Christchurch quake death toll to exceed 200

GRIEVING New Zealanders mourned Christchurch earthquake victims yesterday as police said the disaster’s final death toll was set to exceed 200.

Christchurch quake death toll to exceed 200

The number of confirmed fatalities from last Tuesday’s 6.3-magnitude quake reached 147, but police fear more than 50 still listed as “unaccounted for” lie dead in the rubble of New Zealand’s second largest city.

Asked if he expected a final toll of 200, district commander Dave Cliff relied: “Yes, and probably a little higher than that ultimately.”

Previously police had said that more than 200 people were missing, but clarified that that figure had included the fatalities confirmed so far.

Cliff said search and rescue teams continued the grim task of scouring the wreckage in the stricken city, where no one has been found alive since a woman was pulled from a collapsed office building on Wednesday afternoon.

Office blocks folded like packs of cards in the violent tremor, which toppled entire shop frontages, tore up roads and opened huge fissures in the ground, leaving one third of the downtown area facing demolition.

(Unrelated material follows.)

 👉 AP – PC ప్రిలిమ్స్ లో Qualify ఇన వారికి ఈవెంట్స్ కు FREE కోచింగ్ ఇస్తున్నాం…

Police said they still held out hope of a miracle survival in the disaster zone but, with many ruins teetering on the brink of collapse, even the task of recovering bodies had become a frustrating and perilous exercise.

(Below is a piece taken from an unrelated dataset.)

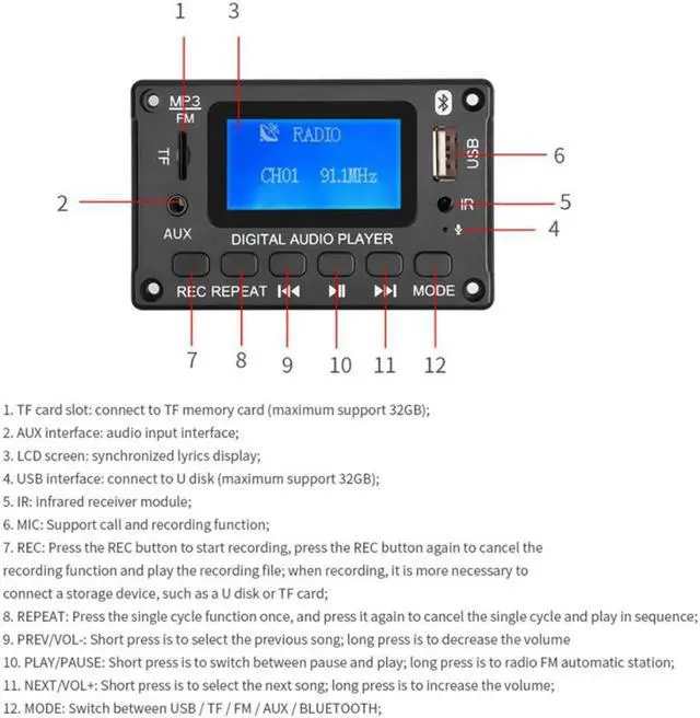 DC5V 12V MP3 Decoder Board WMA Decoding MP3 Player Bluetooth 5.0 Audio Module Support WMA WAV TF USB FM Radio Hands

“I know that they (rescuers) can see bodies that they’re trying to get out, it’s tragic,” police superintendent Russell Gibson told Radio New Zealand.

Many of the dead are believed to be in the Canterbury Television (CTV) building, which was engulfed by flames after tumbling down.

It housed an English language school attended by scores of mainly Asian students, prompting New Zealand to assure Japan and China it would investigate why stringent building standards failed to prevent the catastrophic collapse.

“Those questions will be asked and asked vigorously, I’m sure,” Tertiary Education Minister Stephen Joyce told reporters after meeting Japan and China’s ambassadors.

Students from the Philippines, Thailand and South Korea are also among those feared dead at the CTV site.

Cliff said some charred remains recovered from the building may never be identified, even with DNA technology.

“Where there is intense fire, like there was at the CTV site, it presents real difficulties... we need to brace ourselves that that possibility does exist,” he said.

Around the city, which has suffered two major earthquakes in six months, shell-shocked residents gathered at services to remember the dead.

Many were held outdoors because the quake destroyed a large number of churches.